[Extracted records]
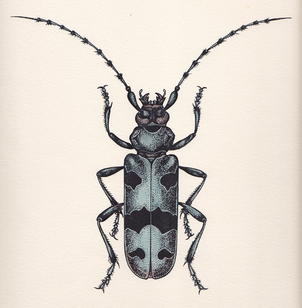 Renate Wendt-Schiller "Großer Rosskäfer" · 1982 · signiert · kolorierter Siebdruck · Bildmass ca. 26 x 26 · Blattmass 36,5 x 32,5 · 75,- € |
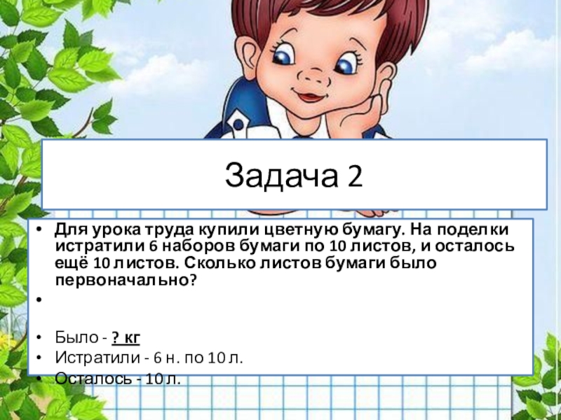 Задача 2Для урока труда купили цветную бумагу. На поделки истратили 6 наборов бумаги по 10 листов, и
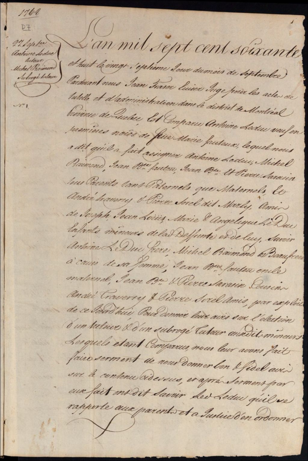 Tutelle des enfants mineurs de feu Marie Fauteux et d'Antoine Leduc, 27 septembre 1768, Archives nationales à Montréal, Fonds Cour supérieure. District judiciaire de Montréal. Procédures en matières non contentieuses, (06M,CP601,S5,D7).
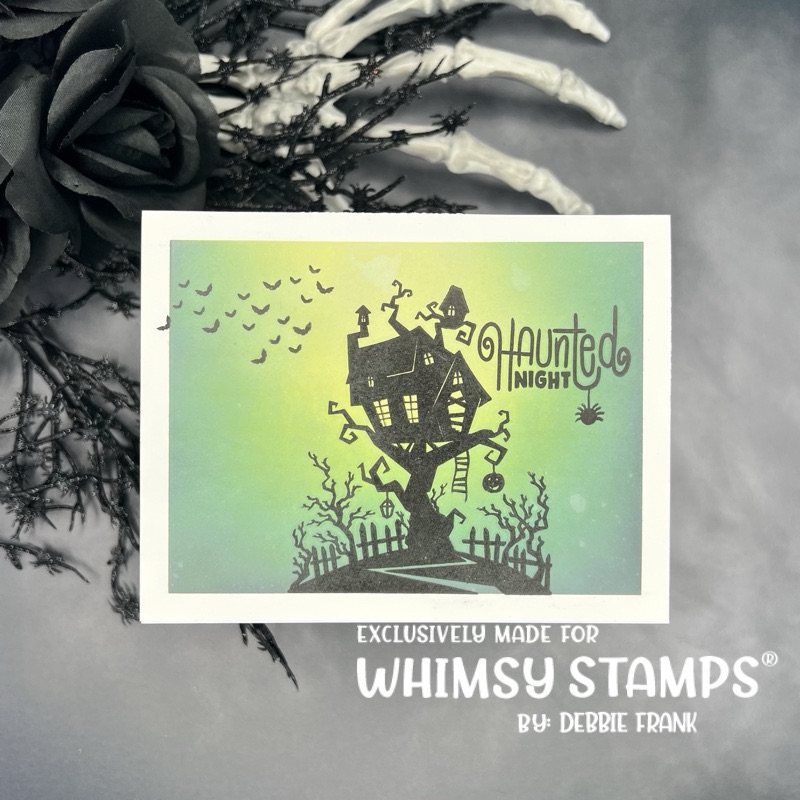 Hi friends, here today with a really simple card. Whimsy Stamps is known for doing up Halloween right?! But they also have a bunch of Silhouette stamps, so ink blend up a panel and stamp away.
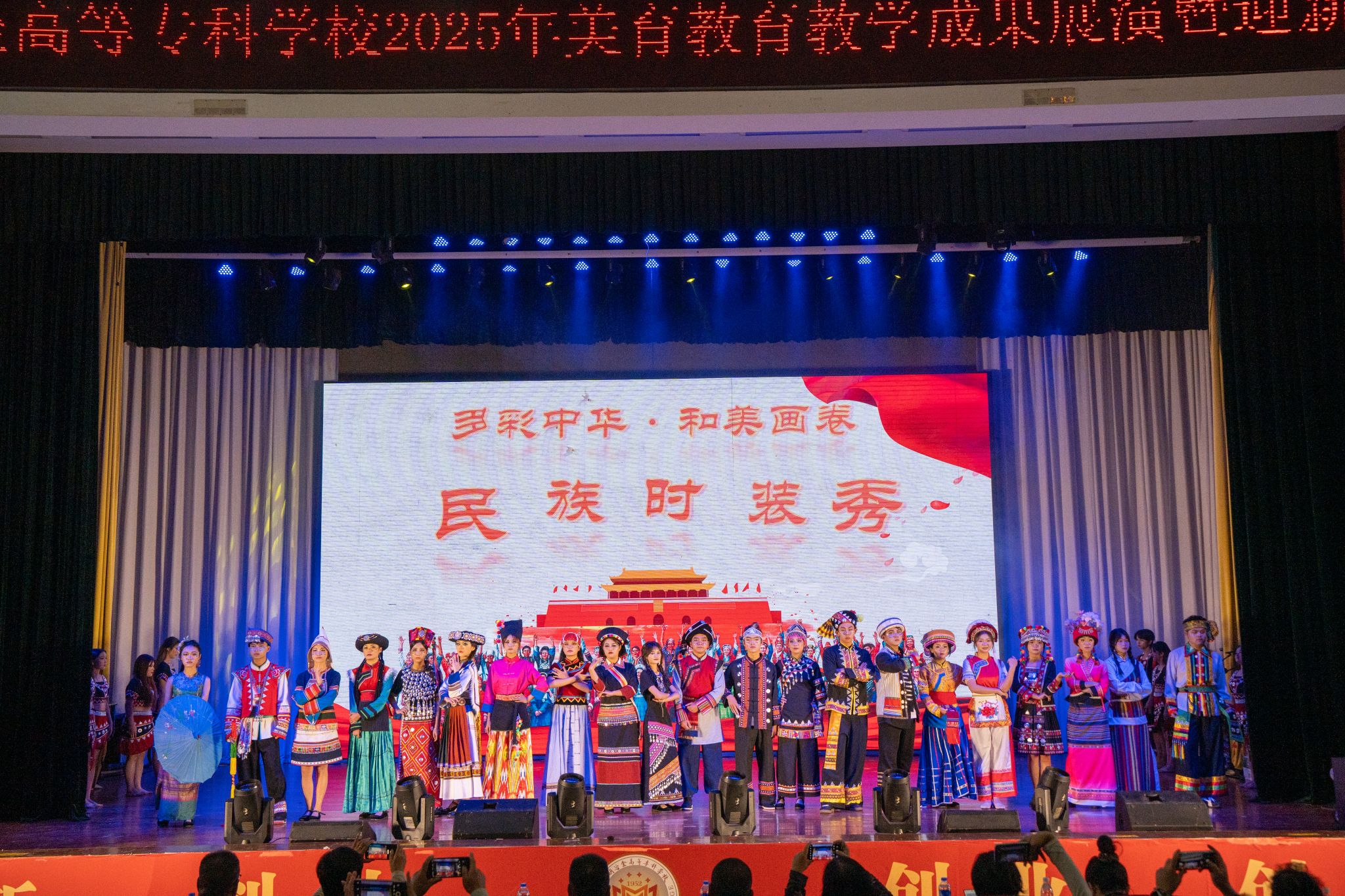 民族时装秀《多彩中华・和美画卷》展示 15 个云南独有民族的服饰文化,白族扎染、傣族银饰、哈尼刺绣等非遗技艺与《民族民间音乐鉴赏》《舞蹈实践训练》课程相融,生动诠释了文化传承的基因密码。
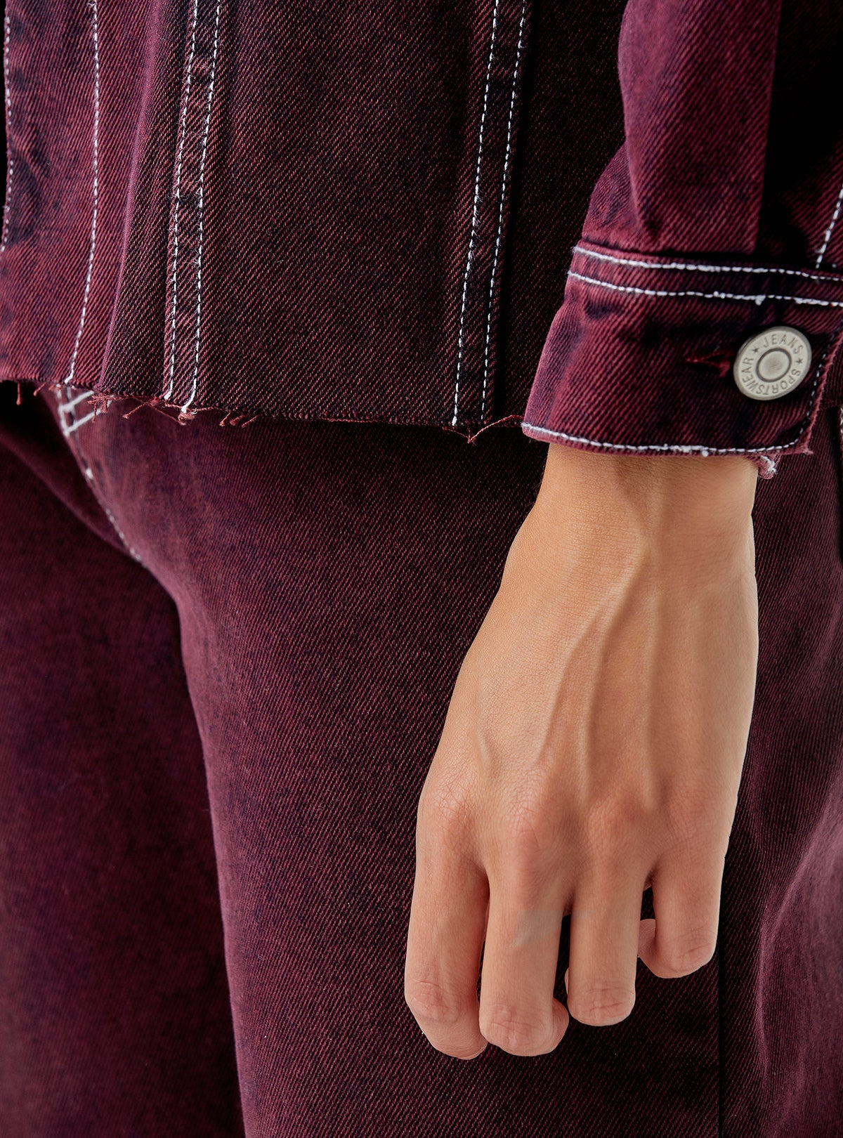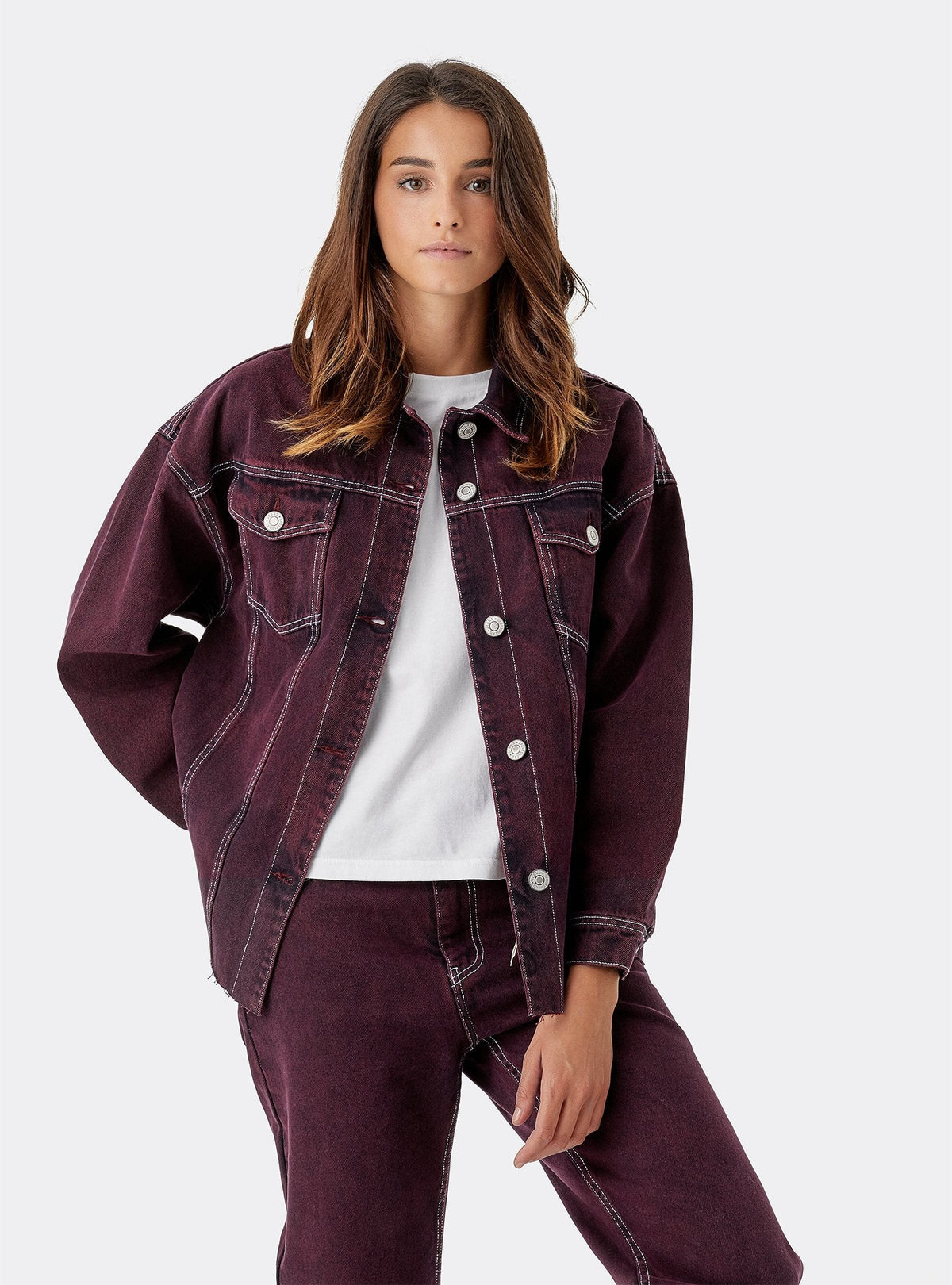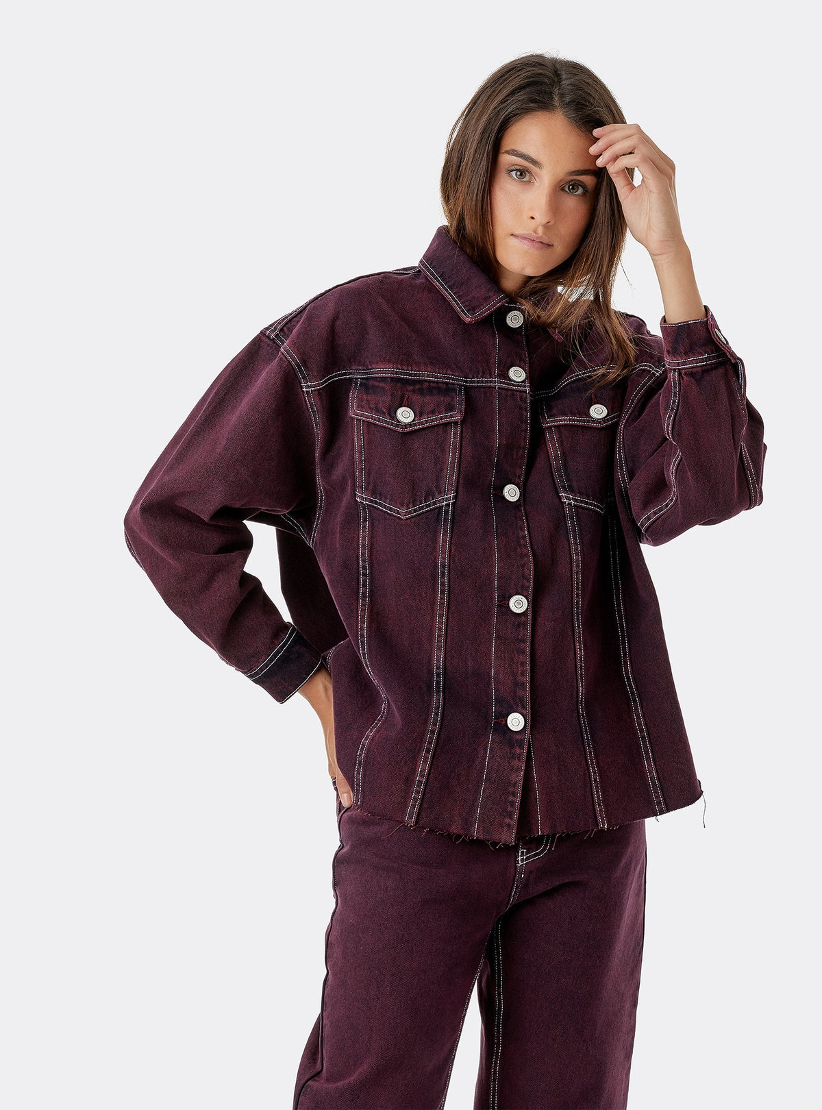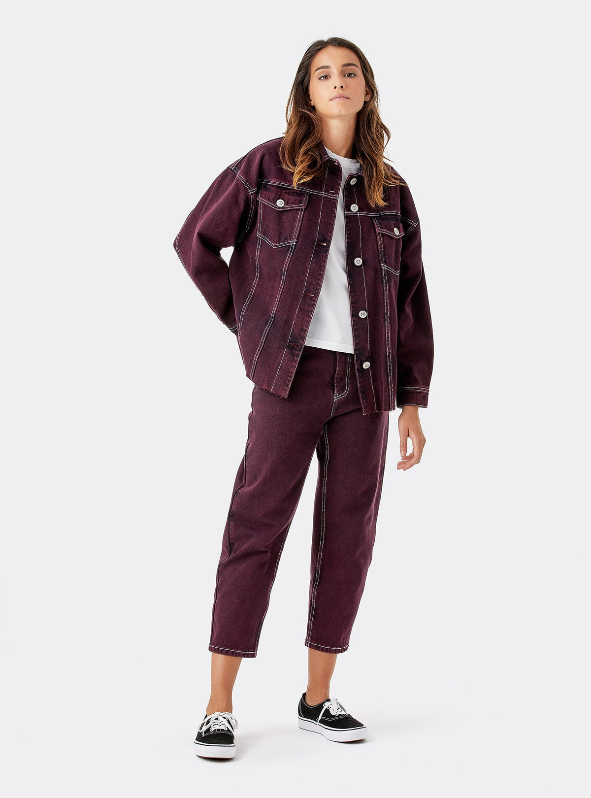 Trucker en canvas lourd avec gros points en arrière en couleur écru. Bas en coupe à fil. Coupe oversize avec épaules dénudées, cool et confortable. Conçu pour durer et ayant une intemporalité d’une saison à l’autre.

■ **WHAT IS EXPECTED**: The lines to restate word for word run from the line that contains "Задача 2Для урока" through the end of the entries above, both ends included. Leave out all pictures and write nothing else.

■ **SOLUTION**:
 Задача 2Для урока труда купили цветную бумагу. На поделки истратили 6 наборов бумаги по 10 листов, и
 Tutelle des enfants mineurs de feu Marie Fauteux et d'Antoine Leduc, 27 septembre 1768, Archives nationales à Montréal, Fonds Cour supérieure. District judiciaire de Montréal. Procédures en matières non contentieuses, (06M,CP601,S5,D7).
 Hi friends, here today with a really simple card. Whimsy Stamps is known for doing up Halloween right?! But they also have a bunch of Silhouette stamps, so ink blend up a panel and stamp away.
 民族时装秀《多彩中华・和美画卷》展示 15 个云南独有民族的服饰文化,白族扎染、傣族银饰、哈尼刺绣等非遗技艺与《民族民间音乐鉴赏》《舞蹈实践训练》课程相融,生动诠释了文化传承的基因密码。
 Trucker en canvas lourd avec gros points en arrière en couleur écru. Bas en coupe à fil. Coupe oversize avec épaules dénudées, cool et confortable. Conçu pour durer et ayant une intemporalité d’une saison à l’autre.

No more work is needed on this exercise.